The Traveller Pride Awards are co-ordinated by the Irish Traveller Movement

Carmel Winters, producer of the film Float Like a Butterfly, at the Traveller Pride Awards  in the Pillar Room at the Rotunda Hospital where she presented the Charleville Women’s group from Cork with the award for arts and culture. Photograph: James Forde
Carmel Winters, producer of the film Float Like a Butterfly, at the Traveller Pride Awards in the Pillar Room at the Rotunda Hospital where she presented the Charleville Women’s group from Cork with the award for arts and culture. Photograph: James Forde

A finalist from last month’s Ireland’s Got Talent competition was among eight winners at the annual Traveller Pride Awards in Dublin, presented on Thursday.

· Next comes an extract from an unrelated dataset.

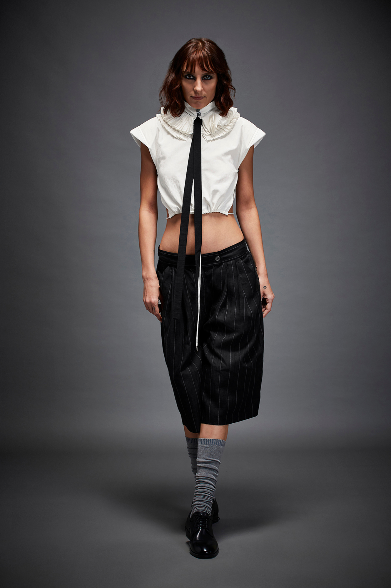 Zander is a pair of short double Pleated Trousers with cross pockets, button fastening and a zip.

Sharyn Ward received the music award for her performance on the Virgin Media One show.

From Longford and a mother of two, her exceptional rendition of Black is the Colour earned her a place in Ireland’s Got Talent final where she sang One Starry Night – a song which “makes me proud to be a Traveller”, she says.

Since the show she has performed at events to raise awareness of Traveller mental health. She is finalising a record contract, her first concert is planned for July, and she will be soon taking part in a documentary about what it’s like to be a modern Traveller woman.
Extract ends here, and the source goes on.